The fate of a French impressionist painting once stolen by the Nazis from a Jewish woman is in question once again now that the U.S. Supreme Court has revived an old case.  The justices have decided that the case should be reconsidered under a California law passed last year.  It aims to strengthen the claims of Holocaust survivors and their families seeking to recover stolen art.  The descendants of the Jewish woman from whom the Nazis stole the painting now live in California.  The work of art is in the hands of a museum in Spain. 

An abortion advocacy group wants states to stop requiring clinics to file reports on every abortion.  The Guttmacher Institute claims that Republicans might use such information against both abortion doctors and patients.  Pro-life advocates reject that charge and accuse Guttmacher of seeking to hide what abortion doctors and clinics are doing.  Meanwhile, Michigan has halted required reporting on abortions. Minnesota has removed some required information, such as the marital status, race and ethnicity of women having abortions. 
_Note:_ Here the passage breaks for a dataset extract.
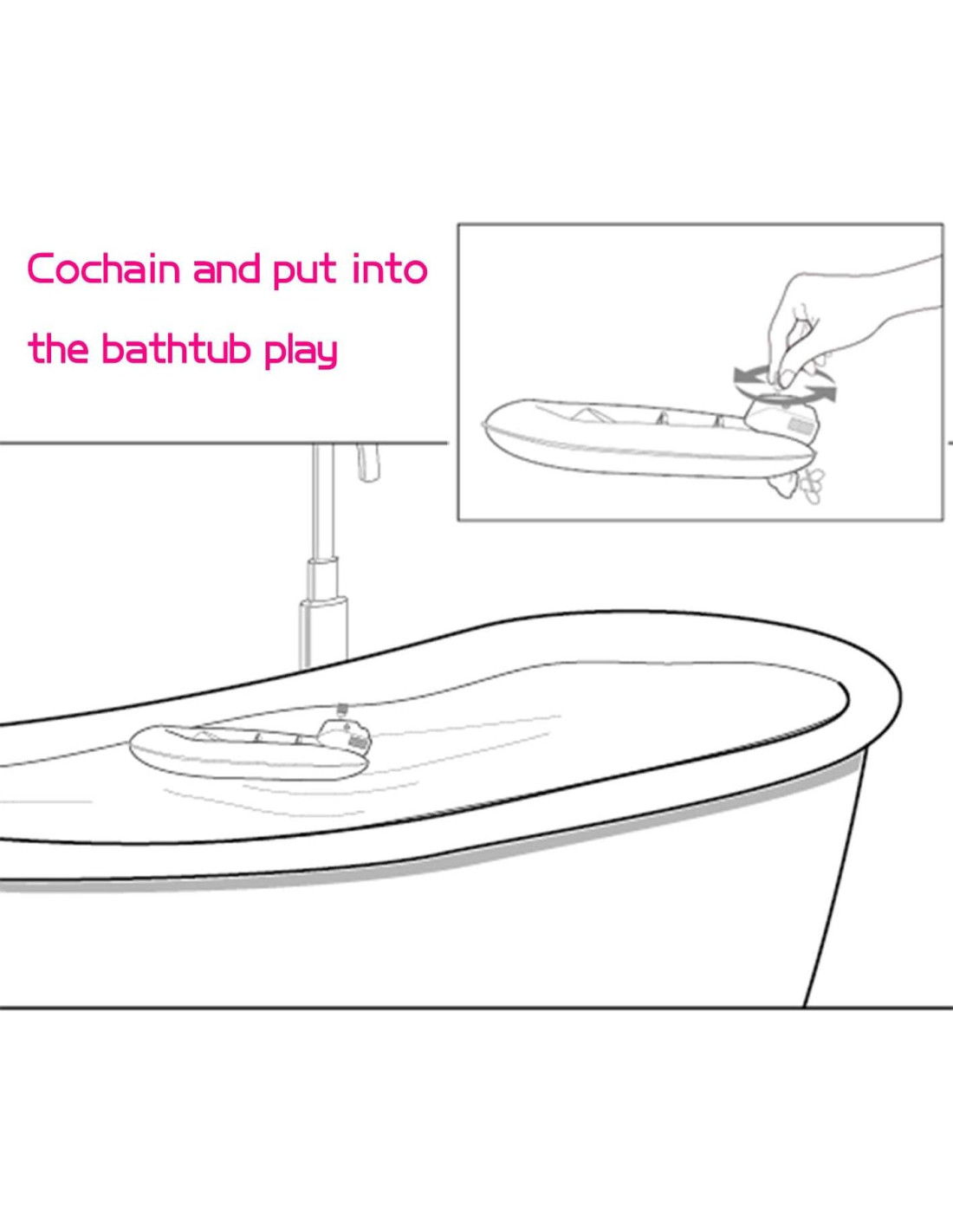 - Barco de baño, abre la tapa inflable e infla con el tubo de gas, el yate puede flotar en la superficie del agua. Instala motores de cuerda, no necesita batería, el yate puede cruzar rápidamente el agua.

St. Paul’s Lutheran church in Helsinki has held the first service in Finland created mostly by artificial intelligence.  The congregation watched a dialogue between Christ and Satan play out on a large screen in the sanctuary.  Also addressing the flock during the evening service were avatars of the church’s pastors and a former president of Finland who died in 1986.  The widely advertised experimental service drew over 120 people.  Worshippers said they enjoyed it but agreed it wouldn’t replace services led by humans anytime soon.